This repository contains my final project for BIOS611 - Introduction to Data Science. This analysis uses public, de-identified New York State hospital inpatient discharge data from 2022. This dataset is sourced from New York State Health Data. Shape files used for mapping were retrieved from New York State GIS Clearinghouse.
The goal of this project is to analyze patterns in hospital admissions, identify regional differences in patient outcomes, and build predictive models to understand the factors influencing mortality risk in hospitals across New York State. The analysis demonstrates key data science techniques such as data cleaning, exploratory data analysis, and statistical analysis using R. Additionally, the project showcases the use of Docker for containerization, ensuring easy setup, reproducibility, and portability of the analysis.
To clone this repository and set up the project, follow the steps below:
- Clone the repository:
git clone https://github.com/julmul/nys-hospital-analysis.git
- Navigate to the project directory:
cd nys-hospital-analysis
- Download the dataset:
Due to the large size of the hospital data, the dataset is not stored in the repository and must be pulled from the NYS Health Data website. To automate this, run the following script in terminal:
./get_data.sh
This script downloads the dataset using curl
and saves it to the source_data
folder.
Note: This data retrieval step must be completed prior to running the analysis. It is not included in the Makefile to avoid repeated pulls.
This project is containerized using Docker for easy reproducibility. Ensure you have Docker installed on your machine; if not, follow the instructions on the Docker website.
Note: The Docker container was built and tested on an M2 Mac, so there may be slight differences in behavior if you are using a different operating system.

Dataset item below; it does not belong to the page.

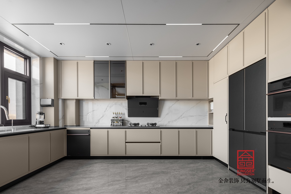 圓形吊頂就好像是映刻在天空的餐桌,團圓的意味在此時濃烈了起來,黑色的石材,黑色的玻璃門,將沉穩(wěn)質(zhì)感拉滿。家人圍坐,餐盤碰撞聲、談笑聲繞著這方天地打轉(zhuǎn),團圓不再是抽象的詞,成了觸手可及的暖。

Build the Docker container by running the following command in the terminal:
./start.sh
This will create the necessary environment to run the analysis and build the final report.
Once the Docker container is built:
-
Open your browser and go to https://localhost:8787.
-
Log in with the credentials:
-
Username:
rstudio
-
Password:
yourpassword
This will open an RStudio session where you can access and run the project.
To build the final report in PDF format, run the following command in the terminal:
make report.pdf
The project contains the following structure:
source_data/
- Folder containing the raw data.scripts/
- R scripts for data cleaning, exploration, and analysis.report.Rmd
- R Markdown file that will render the final report.Dockerfile
- The Docker configuration file.get_data.sh
- Shell script to download the dataset.start.sh
- Shell script to initialize the Docker container.Makefile
- Automates the process of generating the report.